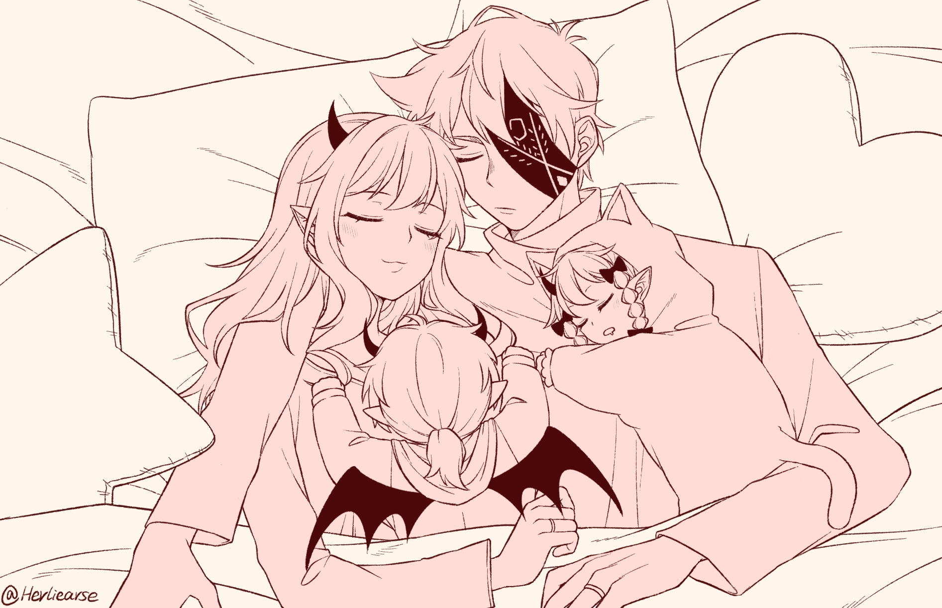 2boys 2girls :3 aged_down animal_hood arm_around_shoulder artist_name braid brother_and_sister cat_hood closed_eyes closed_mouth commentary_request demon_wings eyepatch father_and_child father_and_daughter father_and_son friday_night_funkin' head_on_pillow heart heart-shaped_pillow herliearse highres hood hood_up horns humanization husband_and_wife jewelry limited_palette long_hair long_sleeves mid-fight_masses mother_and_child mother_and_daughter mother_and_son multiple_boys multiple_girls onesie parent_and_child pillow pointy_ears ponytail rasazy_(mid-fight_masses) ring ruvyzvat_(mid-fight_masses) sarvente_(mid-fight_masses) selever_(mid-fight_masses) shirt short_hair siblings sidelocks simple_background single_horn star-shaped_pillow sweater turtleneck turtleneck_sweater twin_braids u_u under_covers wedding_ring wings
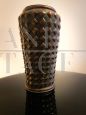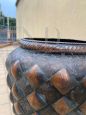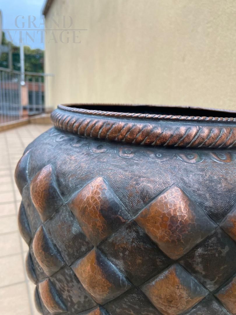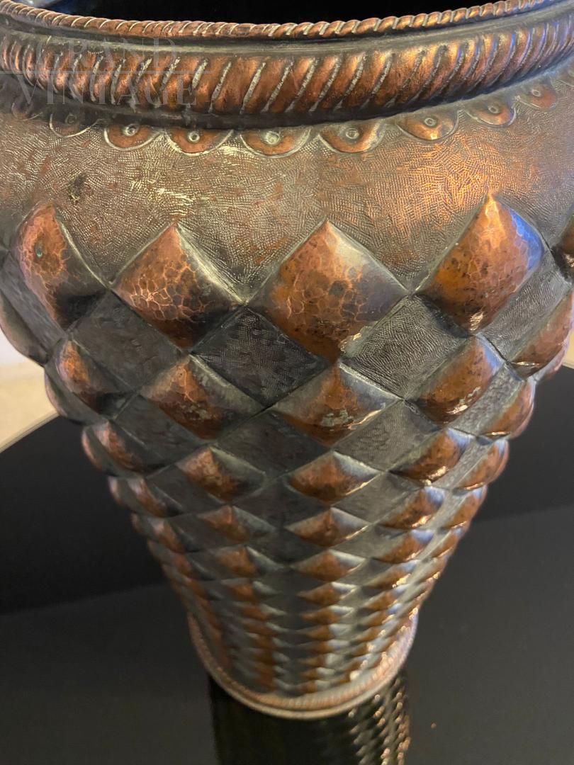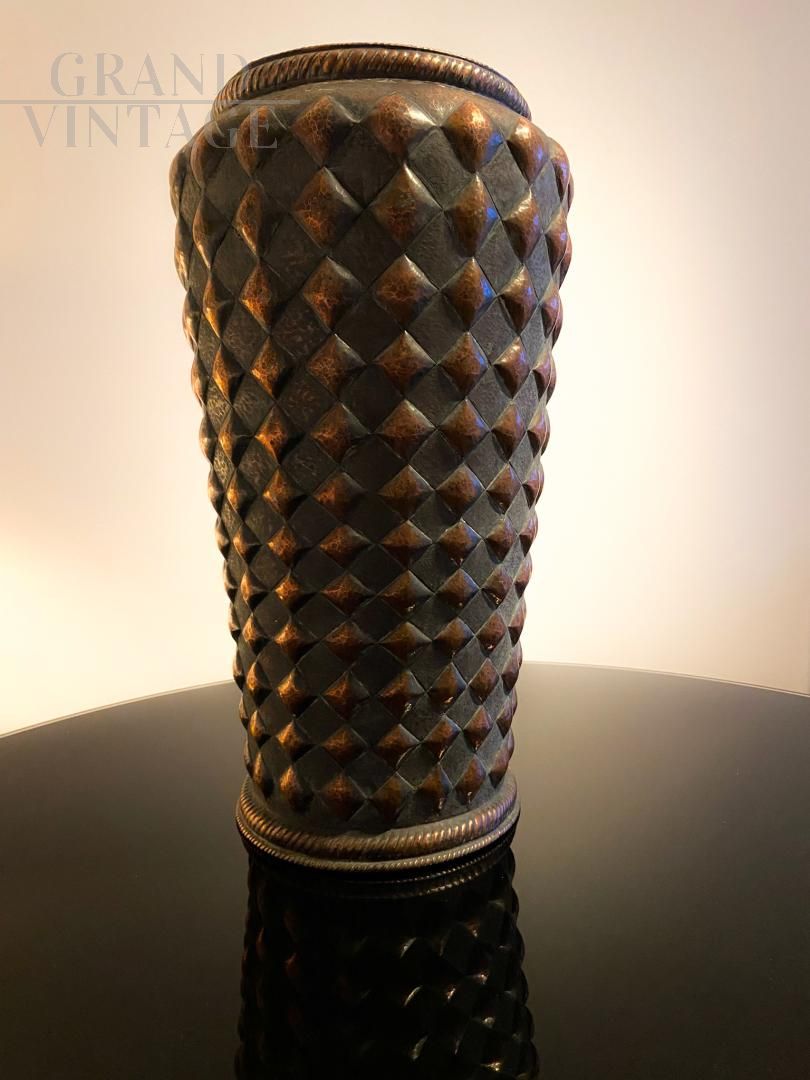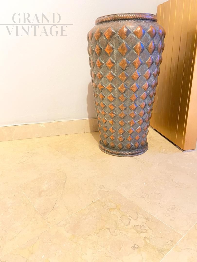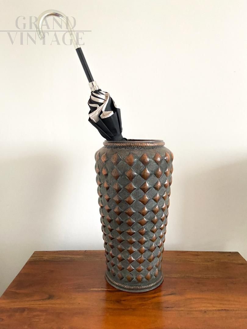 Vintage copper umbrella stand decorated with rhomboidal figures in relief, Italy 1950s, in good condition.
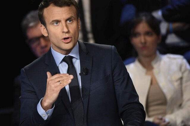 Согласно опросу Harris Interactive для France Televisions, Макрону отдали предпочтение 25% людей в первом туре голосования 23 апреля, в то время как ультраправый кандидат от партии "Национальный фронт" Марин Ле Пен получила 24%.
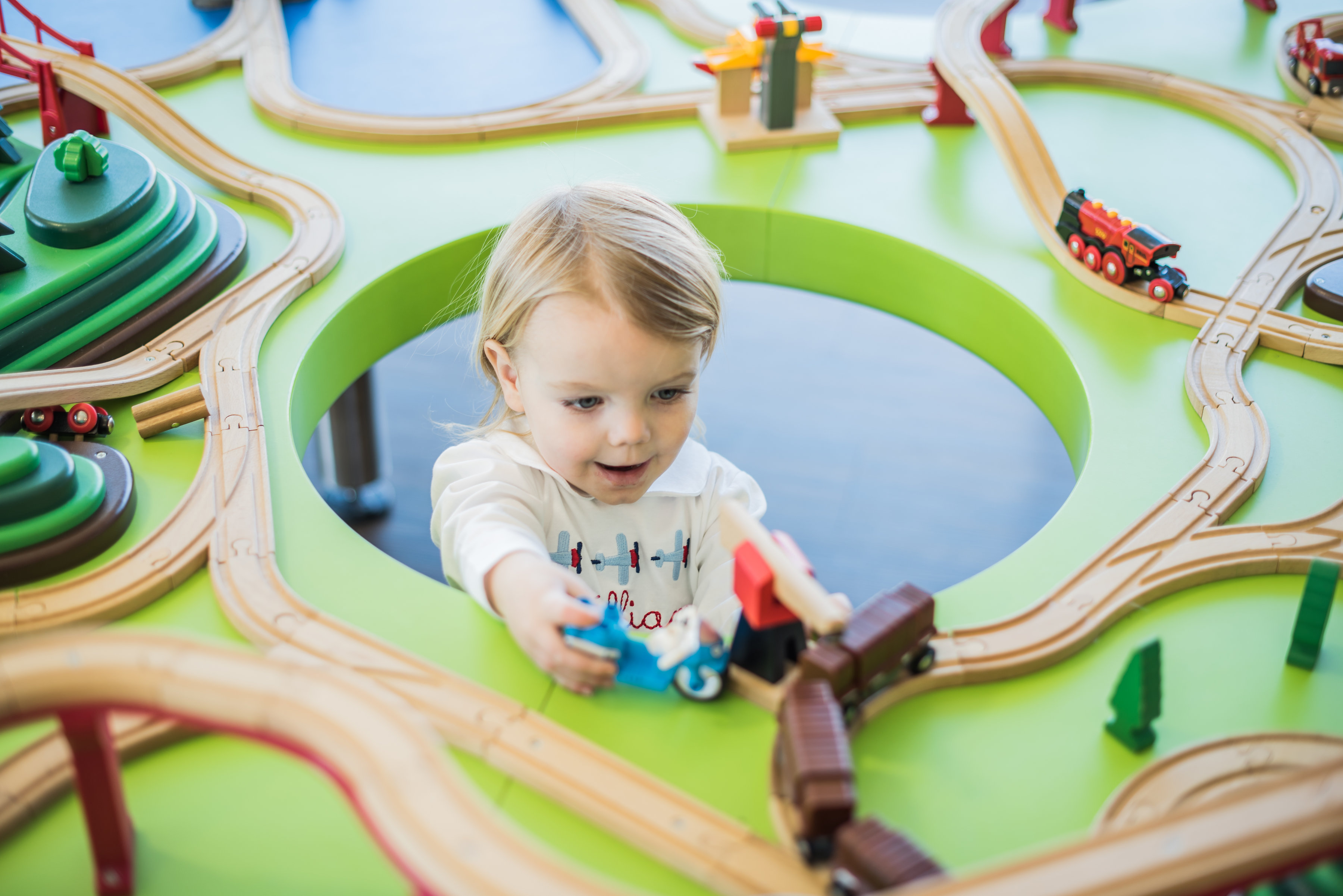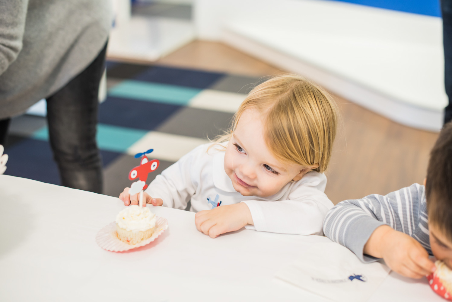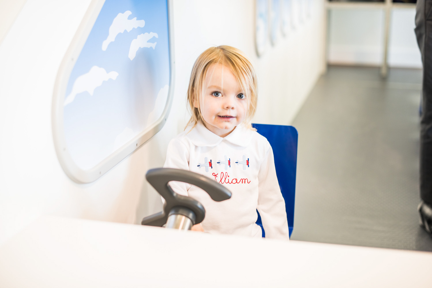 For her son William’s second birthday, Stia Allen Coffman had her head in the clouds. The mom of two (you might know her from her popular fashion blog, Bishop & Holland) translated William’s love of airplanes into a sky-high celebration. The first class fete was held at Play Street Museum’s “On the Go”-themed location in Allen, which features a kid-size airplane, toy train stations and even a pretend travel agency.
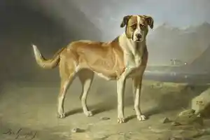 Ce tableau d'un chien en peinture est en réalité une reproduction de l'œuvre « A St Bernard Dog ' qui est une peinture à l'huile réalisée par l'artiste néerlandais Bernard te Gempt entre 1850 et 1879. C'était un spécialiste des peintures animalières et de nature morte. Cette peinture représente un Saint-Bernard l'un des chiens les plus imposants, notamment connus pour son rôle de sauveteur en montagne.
---
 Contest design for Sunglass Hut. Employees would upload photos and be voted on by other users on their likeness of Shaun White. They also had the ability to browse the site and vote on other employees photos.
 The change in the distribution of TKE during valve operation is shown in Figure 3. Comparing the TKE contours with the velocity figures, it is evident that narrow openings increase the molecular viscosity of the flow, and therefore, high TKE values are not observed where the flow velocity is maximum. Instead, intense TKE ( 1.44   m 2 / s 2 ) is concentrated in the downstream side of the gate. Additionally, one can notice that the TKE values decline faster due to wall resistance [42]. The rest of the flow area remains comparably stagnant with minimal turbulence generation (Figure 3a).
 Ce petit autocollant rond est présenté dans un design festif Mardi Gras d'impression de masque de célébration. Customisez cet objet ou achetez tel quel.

## ABOUT THIS TASK
Repeat exactly the lines above, from the line that contains "For her son" down through the line that contains "Ce tableau d'un". Include both of those lines and none of the pictures.

## RESULT OF THE EXERCISE
 For her son William’s second birthday, Stia Allen Coffman had her head in the clouds. The mom of two (you might know her from her popular fashion blog, Bishop & Holland) translated William’s love of airplanes into a sky-high celebration. The first class fete was held at Play Street Museum’s “On the Go”-themed location in Allen, which features a kid-size airplane, toy train stations and even a pretend travel agency.
 Ce tableau d'un chien en peinture est en réalité une reproduction de l'œuvre « A St Bernard Dog ' qui est une peinture à l'huile réalisée par l'artiste néerlandais Bernard te Gempt entre 1850 et 1879. C'était un spécialiste des peintures animalières et de nature morte. Cette peinture représente un Saint-Bernard l'un des chiens les plus imposants, notamment connus pour son rôle de sauveteur en montagne.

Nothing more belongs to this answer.